Comparing EDeiTs to the previous SOTA. For each dataset, we show the error, which is the fraction of misclassified test images (\(1-\text {accuracy}\)). The error of the existing SOTA model is shown in orange. For the ensembles of DeiTs, we show two ways of combining the individual learnings: through arithmetic (blue) and geometric (purple) averaging.

Individual models comparison

We now show that the better performance of EDeiTs is not a property of the single models, but that it rather stems from the ensembling step. To do this, we focus on the ZooLake dataset where the previous state of the art is an ensemble of CNN models 22 that consisted of EfficientNet, MobileNet and DenseNet architectures. In Table 1, we show the single-model performances of these architectures, and those of the DeiT-Base model ("Implementation" section), which is the one we used for the results in Fig. 1. The accuracies and (macro-averaged) F1-scores of the two families of models (CNN and DeiT) when compared individually are in a similar range: the accuracies are between 0.96 and 0.97, and the F1-scores between 0.86 and 0.90.

Table 1 Summary of the performance of the individual models on the ZooLake dataset.

Ensemble comparison

We train each of the CNNs in Table 1 four times (as described in Ref.22), with different realisations of the initial conditions, and show their arithmetic average ensemble and geometric average ensemble ("Ensemble learning" section) in the last two columns. We also show the performance of the ensemble model developed in Ref.22, which ensembles over the six shown CNN architectures. We compare those with the ensembled DeiT-Base model, obtained through arithmetic average ensemble and geometric average ensemble over three different initial conditions of the model weights.

As can be expected, upon ensembling the individual model performance improves sensibly. However, the improvement is not the same across all models. The CNN family reaches a maximum F1-score ≤ 0.920 for ensemble of Efficient-B7 network across initial conditions. When the best CNNs are picked and ensembled the ensemble performance (Best_6_avg) reaches F1-score ≤ 0.924 . In the case of DeiT models, the ensemble was carried out without picking the best model across different DeiTs but still reaches similar classification accuracy (with the F1-score reaching 0.924) with no hyperparameter tuning.

Why DeiT models ensemble better

To understand the better performance of DeiTs upon ensembling, we compare CNNs with DeiTs when ensembling over three models.

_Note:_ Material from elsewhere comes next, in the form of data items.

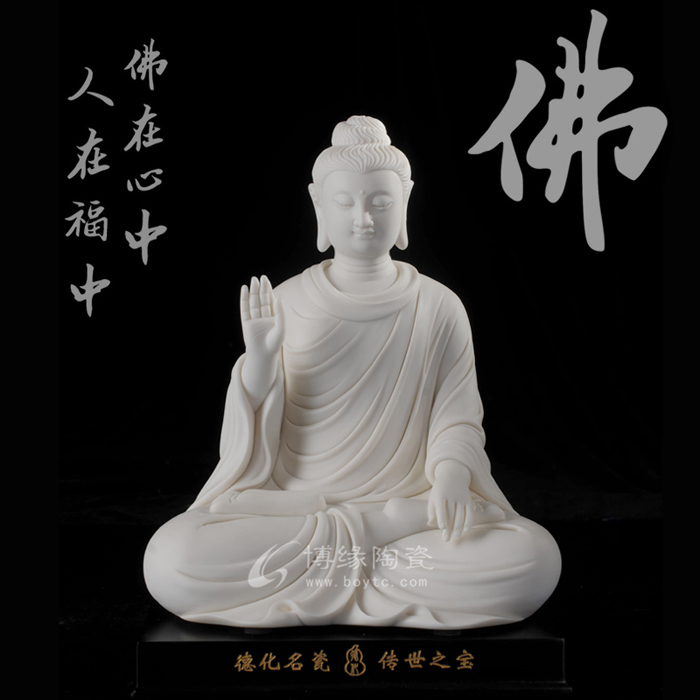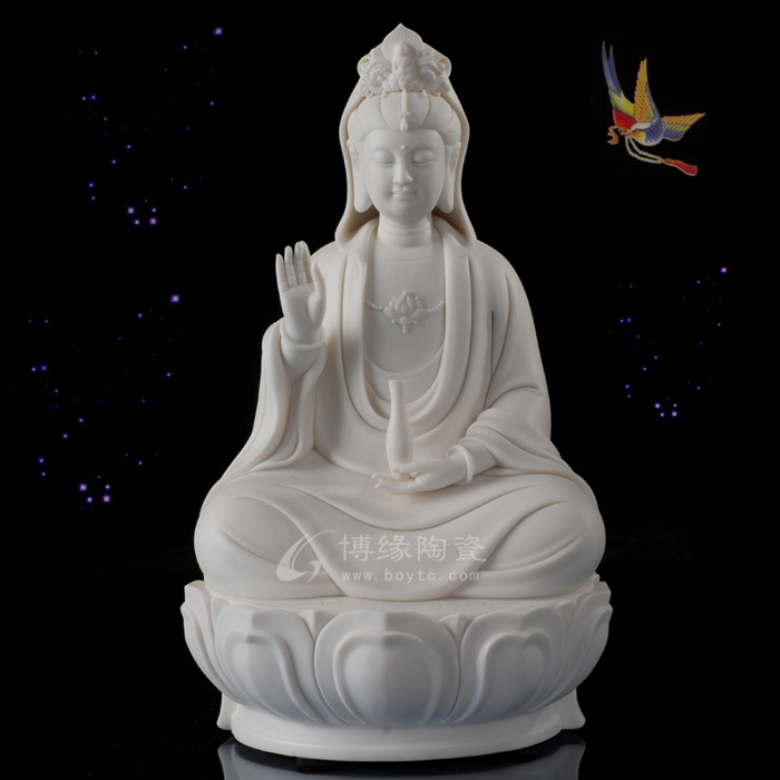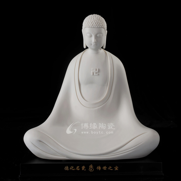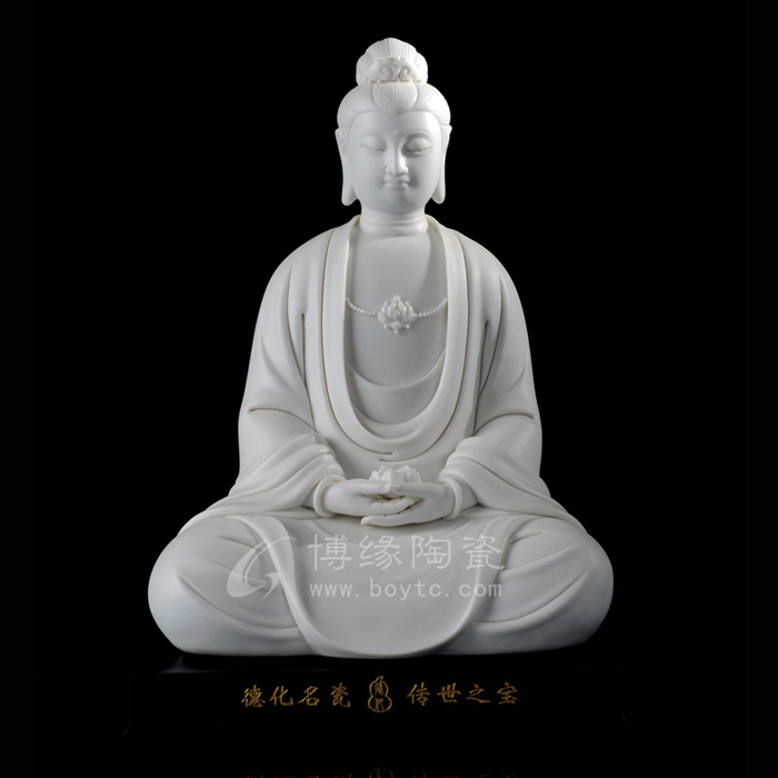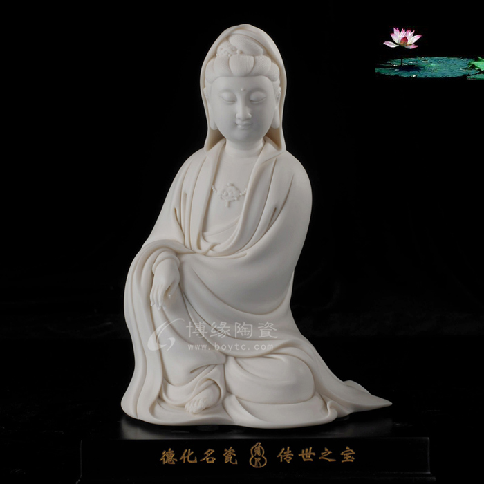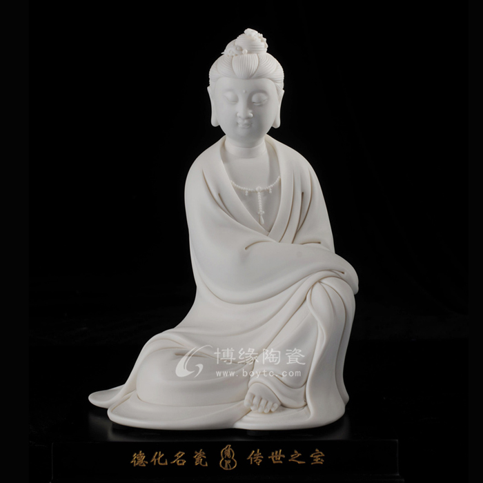 在追隨何朝宗藝術(shù)腳步的同時(shí),林建平也一直在尋找著突破。他努力把德化古代的制瓷工藝與自我凈心感悟的思想有機(jī)結(jié)合,展現(xiàn)當(dāng)前審美的簡(jiǎn)約風(fēng)格。廣受歡迎的《瓷韻觀音》和《持蓮觀音》便是這種創(chuàng)新的代表作,從傳統(tǒng)工藝中走出的新的審美理想,照樣創(chuàng)造出佛像的莊嚴(yán)、肅穆、慈悲、大愛。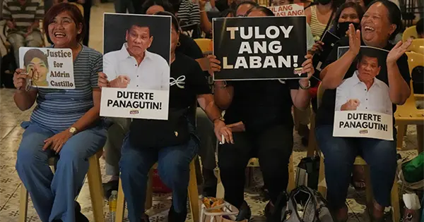Se considera que Duterte habría contribuido de forma esencial a estos crímenes al diseñar la política, dar instrucciones, proporcionar recursos, promover públicamente la violencia y garantizar protección e impunidad a los autores materiales.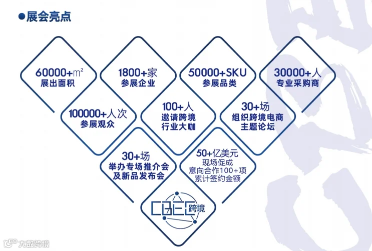 此次展会将以“拥抱数字经济,赋能产业集群;掘金跨境电商·助力品牌出海”为主题,旨在为跨境电商平台、服务商及外贸企业、采购商提供品牌展示、贸易洽谈、采购对接、资源共享为一体的高端交流合作平台。此次展会共设置“八大特色展区”,开设“八大主题论坛”开展“八大特色活动”,为展商提供“八大尊享福利”,为推动我国跨境电商高质量发展,群策全力、贡献力量。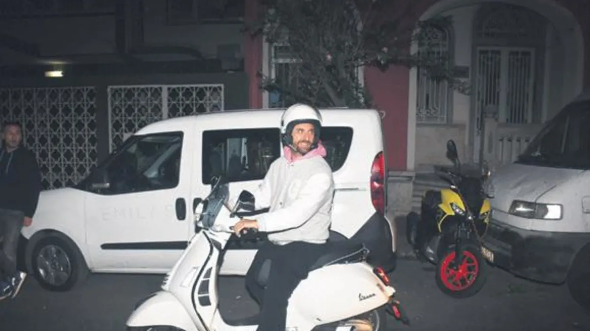 Oyuncu Fırat Çelik Cihangir'de motosikleti ile görüntülendi
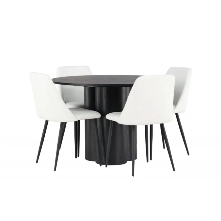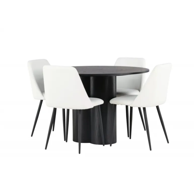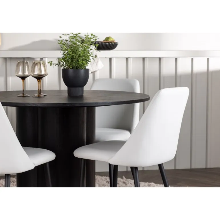 Kombiner farver og materialer som i dette Spisebordssæt, og bemærk, hvordan niveauet af stil i dit hjem løftes! Vores runde spisebord Olivia er et mesterværk af design og funktionalitet. Bordet kommer i en røgfarvet sort farve og har en slank, rund bordplade. De tre cylinderformede ben, elegant placeret under midten af bordet, giver et solidt og balanceret fundament. Fremstillet udelukkende af bæredygtigt MDF. Bordets dimensioner: 110 cm. Her i en vidunderlig kombination med vores hvide stole fra Night-serien. Den hvide PU-polstring giver en følelse af eksklusivitet og desuden fantastisk komfort. Stolens sorte stålben er ikke kun robuste, men bidrager også til dens moderne og distinkte udseende. Takket være det polstrede sæde kan du sidde ved spisebordet i lang tid uden at gå på kompromis med komforten. Med dette Spisebordssæt kan du skabe en atmosfære, der udstråler tidløs elegance og eksklusivitet. Hvert eneste detalje er nøje udvalgt for at give dig den bedste kombination af stil og komfort, så lad dit hjem stråle af dette og indret det indbydende i fremtiden!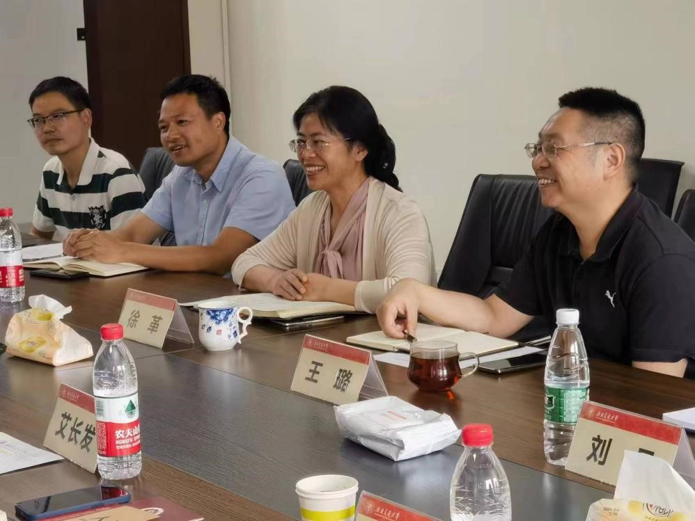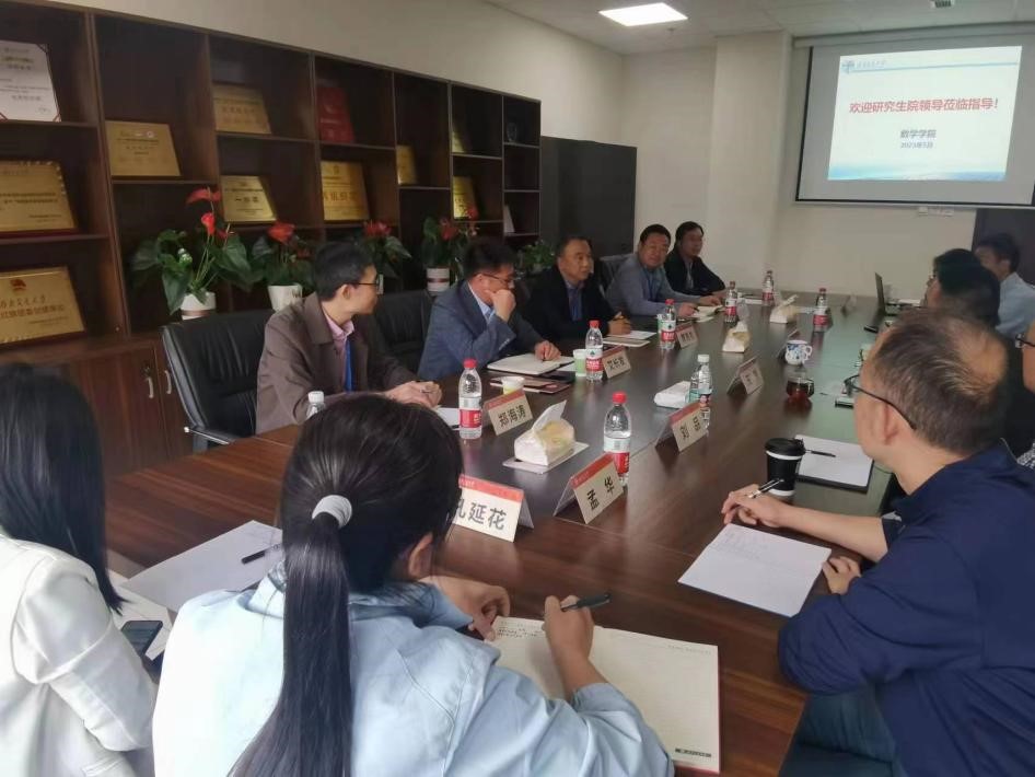 2023年5月23日上午,研究生院常务副经理周先礼、副经理艾长发、培养办主任华宝玉、专业学位办公室主任郑海涛、综合管理办公室主任陈志伟一行来到公司开展研究生公司产品调研交流工作。数学公司党委书记徐革、副经理王璐、经理助理黎定仕和杨洋、数学系系主任刘品、信息与计算科学系系主任孟华、统计系副系主任乔高秀、员工支持办公室主任孔延花参加会议。徐革书记代表公司热烈欢迎周先礼常务副经理一行的到来,并感谢研究生院对太阳集团tcy8722研究生公司产品工作的关心和支持。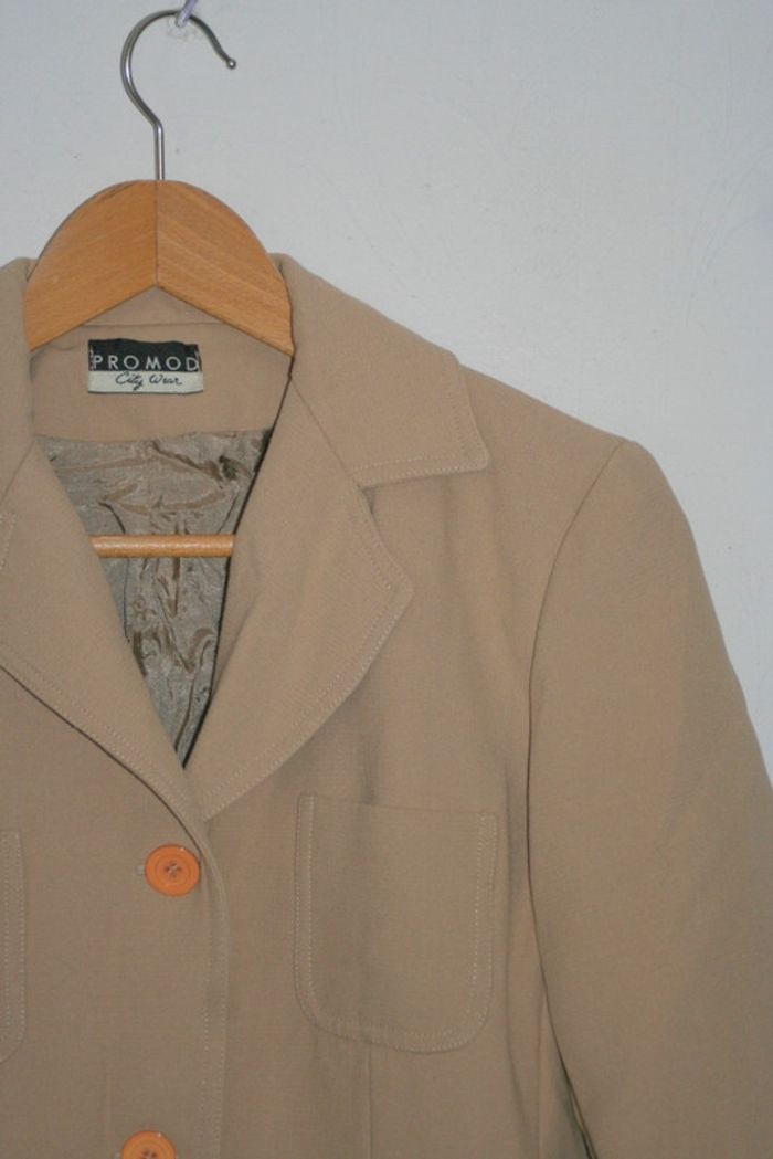 Veste beige de chez Promod, taille 42, 49cm d'aisselle à aisselle, 66cm de long, 40cm d'épaule à épaule, bouton de rechange à l'intérieur, 800g

For CNNs, we take the best EfficientNet-B7, MobileNet and Dense121 models from Ref.22 (each had the best validation performance from 4 independent runs). For DeiTs, we train a DeiT-Base model three times (with different initial weight configurations) and ensemble over those three.

Since the only thing that average ensembling takes into account is the confidence vectors of the models, we identify two possible reasons why EDeiTs perform better, despite the single-model performance being equal to CNNs:

  1. (a)

    Different CNN models tend to agree on the same wrong answer more often than DeiTs.

  2. (b)

    The confidence profile of the DeiT predictions is better suited for average ensembling than the other models.

We will see that both (a) and (b) are true, though the dominant contribution comes from (a). In Fig. 2a we show a histogram of how many models gave a right (R) or wrong (W) prediction (e.g. RRR denotes three correct predictions within the individual models, RRW denotes one mistake, and so on).

On Fig. 2b and c, we show the same quantity, but restricted to the examples that were correctly classified by the arithmetic and geometric averaged ensemble models. The CNN ensemble has more RRR cases (2523) than the EDeiT (2515), but when the three models have some disagreement, the EDeiTs catch up with the CNN ensembles

Figure 2
figure 2

Comparison between three-model ensemble models based on CNNs and on DeiTs on the ZooLake test set. The bar heights indicate how often each combination (RRR, RRW, RWW, WWW) appeared. RRR indicates that all the models gave the right answer, RRW means that one model gave a wrong answer, and so on. The numbers below each bar indicate explicitly the height of the bar. On panel (a) we consider the whole test set, on panel (b) we only consider the examples which were correctly classified by the arithmetic ensemble average, and on panel (c) those correctly classified through geometric ensemble average.

In particular:

The correct RWW cases are 2.0x more common in the geometric average and arithmetic average EDeiT (Geometric CNN: 8, Geometric EDeiT: 15; Arithmetic CNN: 8, Arithmetic EDeiT: 16). In the SI (See Footnote 1) we show that the probability that a RWW ensembling results in a correct prediction depends on the ratio between the second and third component of the ensembled confidence vector, and that the better performance of DeiT ensembles in this situation is justified by the shape of the confidence vector.We thus measure the mutual agreement between different models. To do so, we take the confidence vectors, \(\vec c_0\), \(\vec c_1\) and \(\vec c_2\) of the three models, and calculate the similarity

$$\begin{aligned} S = \frac{1}{3}(\vec c_0\cdot \vec c_1+\vec c_0\cdot \vec c_2+\vec c_1\cdot \vec c_2)\,, \end{aligned}$$
(1)

averaged over the full test set. For DeiTs, we have \(S=0.799\pm 0.004\), while for CNNs the similarity is much higher, \(S=0.945\pm 0.003\). This is independent of which CNN models we use. If we ensemble Eff2, Eff5 and Eff6, we obtain \(S=0.948\pm 0.003\). Note that the lower correlation between predictions from different DeiT learners is even more striking given that we are comparing the same DeiT model trained three times, with different CNN architectures. This suggests that the CNN predictions focus on similar sets of characteristics of the image, so when they fail, all models fail similarly. On the contrary, the predictions of separate DeiTs are more independent. Given a fixed budget of single-model correct answers, RWW combinations result more likely in a correct answer when the two wrong answers are different (see SI (See Footnote 1)). The situation is analogous for geometric averaging (Fig. 2c).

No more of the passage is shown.